Community News __Featured Slider — 30 May 2013
Road to nowhere?

By Derrick Perkins

In spite of wildly different views on what reforms sought after by cab drivers will mean for Alexandria, city officials are moving ahead with plans to study the industry.

The long simmering feud between cabbies, taxi companies and City Hall flared up earlier this year after drivers petitioned officials for more freedom to move between companies. The request also came as City Hall began considering a requirement that drivers accept major credit cards as payment.

While drivers pushed for an immediate rollback of restrictions on their career mobility — cabbies can only switch companies, which must be compliant with local regulations, once every two years— transportation officials suggested a more cautious approach regarding a major policy overhaul.

City councilors sided with the latter last week, creating a nine-member task force charged with examining the industry and driver demands, though without much confidence the group will find consensus.

“It seems to me we have a threshold legal question that we have a disagreement on — on both sides — and no amount of meeting on a task force is going to resolve that. There’s really very few ways of resolving that short of going before a judge,” said City Councilor Justin Wilson, who voted against the task force. “We’re kind of setting ourselves up for failure.”

That question stems from a change to state law last summer. Officials worry the tweak, which allows companies to replace lost cabbies with new replacements, would see Alexandria inundated with taxis if they allowed drivers to move freely between companies.

But drivers and their supporters, most notably Tenants and Workers United, argue City Hall still has the power to cap the size of the overall fleet, thus keeping the amount of cabs in check — even with free career mobility.

It’s a disagreement that the city’s top legal advisor believes will only be settled with the help of a judge.

“There just simply is a fundamental disagreement,” City Attorney Jim Banks told city council last week. “There is no other way to figure out the legal question other than in court.”

Even so, the principal actors are heading into the effort convinced they can bring the others around to their way of thinking.

“I think what the work group will do, it will show [Tenants and Workers United] that if they want to liberalize transfers, there will be backfill and increase the amount of cabs,” said Kyle Summers, general manager of Alexandria Yellow Cab.

Rich Baier, director of city transportation and environmental services, feels likewise. While he remains optimistic that the task force can reach an understanding for future reforms to the city’s taxi regulations, just getting all sides up to speed on state code represents a victory.

“There may not be compromise available or there may not be a solution … different than what the city attorney opined on, but there may be nuances,” Baier said. “[Through] discussions, people often change their positions.”

Cab drivers also haven’t ruled out swaying minds — just in the other direction.
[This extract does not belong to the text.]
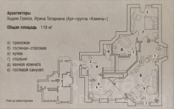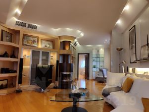 Уникальная квартира в современном кирпичном малоквартирном доме 1997 года постройки (в доме 15 квартир). Проект, отделка, дизайн, ремонт квартиры, а также изготовление мебели по собственным эскизам на собственном производстве проведены архитектурным бюро Камень, под руководством его основателя, знаменитого архитектора, Вадима Грекова. В планировке квартиры дизайнеры воплотили идею полукруглой анфилады в стиле хай-тек с элементами трансформинга, без привычного зонирования. В результате получилось единое, наполненное светом пространство, охватывающее кухню-столовую-гостиную-кабинет, которые объединены и одновременно обособлены благодаря изготовленным для этого авторским мебельным модулям. Центральным акцентом квартиры является дровяной круглый камин. В конце анфилады расположена изолированная просторная спальня с большой ванной комнатой, полностью оснащенной техникой, гардеробной комнатой и балконом. В квартире также предусмотрено техническое помещение с помывочной, что в том числе удобно при наличии домашнего питомца. Квартира смотрится очень стильно и неординарно. Она станет идеальным домом для одного человека или пары.

Driver Daniel Berhane, who has led the reform movement, believes a careful reading of the state law will convince city officials and company representatives that drivers have it correct.

“The task force can be good; we can explain to them what’s in the law,” Berhane said. “We believe [this disagreement] can be solved, if we can sit and talk about it.”

The task force, which will deliver its recommendations to city council in October, will include representatives from the cab drivers, taxi companies, city staff, and various boards and commissions — as well as a city councilor.

The task force also is charged with studying grandfathered certificates and examining companies not in compliance with the city’s dispatch regulations. Mayor Bill Euille will appoint the members.